Go-live Checklist¶
The administrator set up a shiny new Welkin environment. You containerized your application, deployed it, configured a working CI/CD pipeline, configured application alerts, etc. etc. All seems fine, but somehow you feel anxious about going into production 24/7.
To move from production anxiety to production karma, here is a checklist to go through before going live 24/7. Make sure to perform this checklist in a shared session with the administrator.
- Load testing was performed.
- Why? This ensures that enough capacity was allocated for the environment.
- How? Set up a synthetic workload generator or replay a relevant workload. Ask the administrator to monitor your environment's capacity usage, including that related to components necessary for application logs and application metrics.

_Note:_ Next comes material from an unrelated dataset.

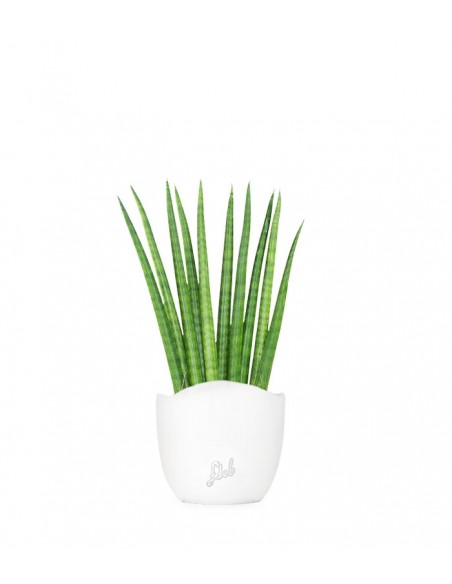 La sansevieria e? una pianta esotica originaria del Kenia. Le sue lunghe foglie erette, lucenti e carnose, di forma cilindrica sono di colore verde intenso. Negli ultimi anni la sanseveria si e? trasformata, da pianta “della nonna” ad un must have per la arredare la propria casa con stile. Con la sua silhouette moderna ed elegante diventa un vero e proprio elemento d'arredo da inserire in qualsiasi ambiente, dall'ufficio alla casa. E? una pianta dalle pochissime pretese, poiche? si adatta alle condizioni dello spazio in cui si trova ma soprattutto e? in grado di purificarne l'aria, convertendo l'anidride carbonica in ossigeno durante la notte. Inoltre nei paesi orientali e? associata alle tradizionali 8 virtu?: lunga vita, prosperita?, intelligenza, bellezza, arte, poesia, salute e forza.
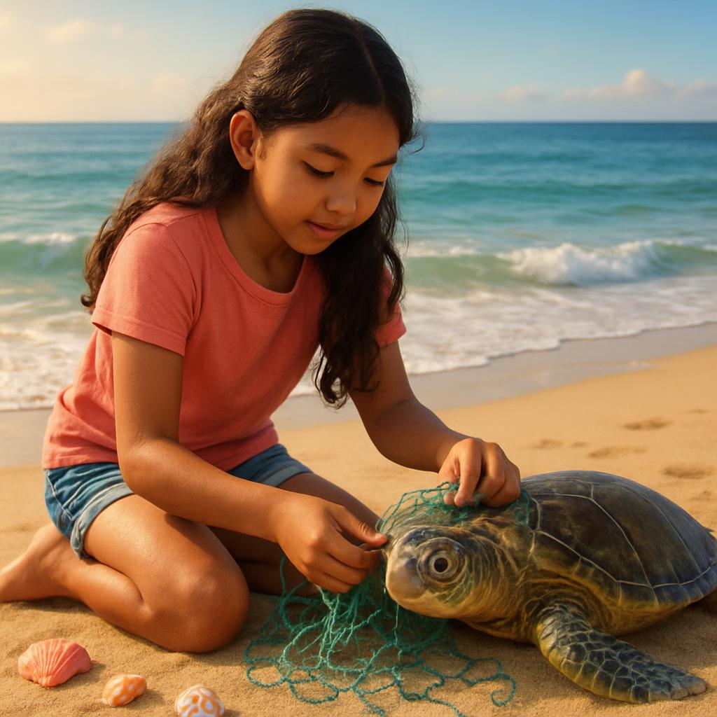 🎨 [Top half of page: AI-generated illustration of a baby honu tangled in fishing line, swimming near bleached coral. Soft ocean-blue background, watercolor style.]

- Desired outcome: Allocated capacity is sufficient.
- Possible resolution: Ensure the application has proper resource requests and limits (see our user demo as an example).
- Load testing was performed while updating the application.
- Why? This ensures that the application can be updated without downtime.
- How? Make a trivial change to your application, e.g., add
Lorem ipsum
in the output of some API, and redeploy. - Desired outcome: Measured downtime is acceptable.
- Possible resolutions: Make sure you have the right deployment strategy. Prefer
RollingUpdate
overRecreate
. Ensure other parameters of the deployment strategy are tuned as needed.
- Load testing was performed while doing a rolling reboot of Nodes:
- Why? Node failure may cause application downtime. Said downtime can be large if it happens at night, when administrators need to wake up before they can respond. Also, administrators need some extra capacity for performing critical security updates on the base operating system of the Nodes.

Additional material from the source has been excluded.